A party may file a motion to set aside an arbitral award issued in Poland if, inter alia, there was no arbitration clause, or an arbitration clause is void, invalid or has expired in accordance with relevant law. For the same reasons, the court may refuse to recognize or confirm enforcement of a judgment of an arbitration court issued abroad.

It is acknowledged that invalidity of an arbitration clause arises, inter alia, when the proper form has not been complied with in accordance with Article 1162 of the CCP. In this regard, an arbitration clause may be perceived as invalid e.g., if it is included in an audio / videophone recording exchanged between the parties or the document with an arbitration clause does not contain the parties’ signatures (in any form) or has not been exchanged by means of remote communication which enable its content to be recorded.

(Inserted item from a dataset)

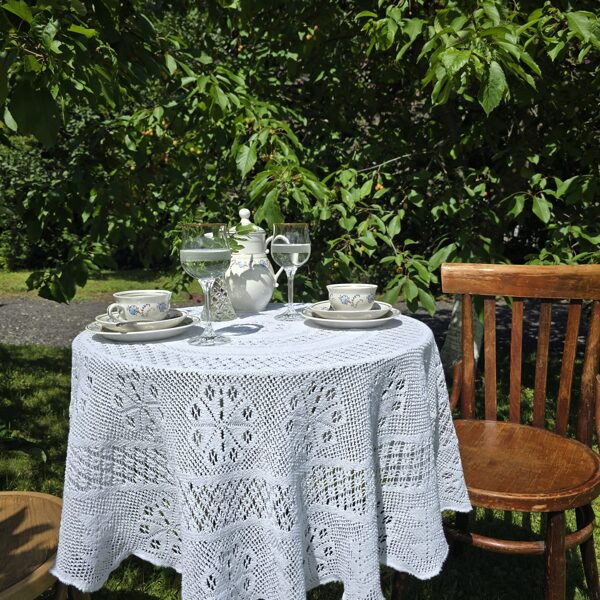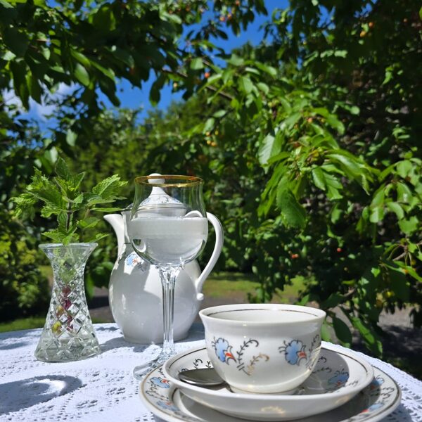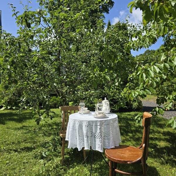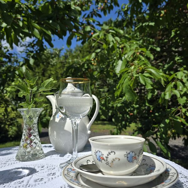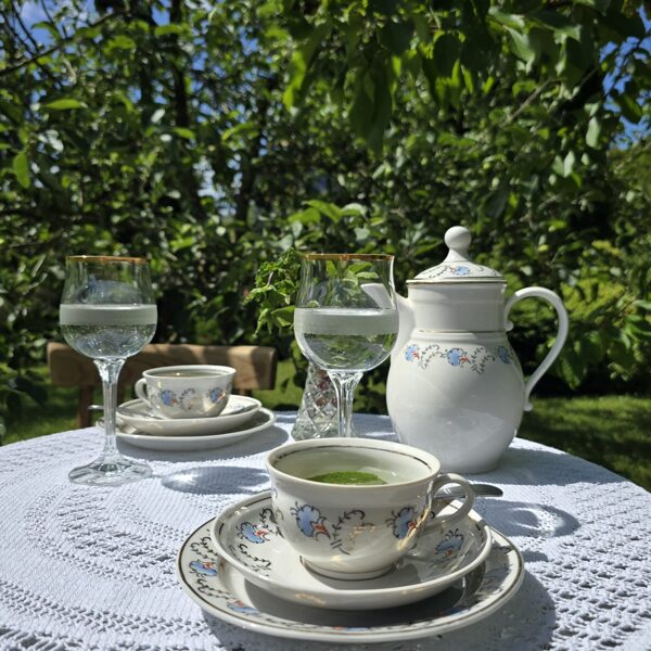 Ar tamborētu galdautu, smalkām vintage glāzēm un porcelāna traukiem, šis tējas galds iemieso lēnu dzīvi, cieņu pret lietu stāstiem un dārzā dzirdamo putnu čivināšanu.

That being said, considering the liberalized requirements for conclusion of an arbitration agreement as well as the wide interpretation of the notion “in writing”, there are no potential obstacles under Polish law to enforcement of arbitral awards if the arbitration agreement is concluded, for example, by qualified electronic signature or via e-mails.

Moreover, it should be noted that, under Article IV.1(b) of the 1958 New York Arbitration Convention as well as Article 1213(1) of the CCP, it is required to enclose the original or an officially certified copy of the arbitration clause with the party’s petition to obtain recognition and/or enforcement of an arbitral award. If the arbitration agreement is concluded via telegram or e-mail, some may say that such original or certified copy of the arbitration clause does not exist. In this regard, the Polish Supreme Court has stated that the requirements for presentation of an arbitration agreement in Article IV(1) must be considered taking into account the form in which the agreement may have been concluded. The Supreme Court emphasised that, in the event the arbitration agreement is concluded via e-mail, there is no “original” thereof within the meaning of Article IV(1)(b) of 1958 New York Arbitration Convention; in such a case, supplying the court with written confirmation of the agreement (e.g., print-out of e-mails) is sufficient (see the decision of 13 September 2012, case no. V CSK 323/11).

 

Final Remarks

The Polish rules on the conclusion of arbitration agreements move with the times and meet the current business needs. So, if you and your counterparty have a qualified electronic signature or e-mail, you can effectively conclude an agreement containing an arbitration clause without ever meeting each other.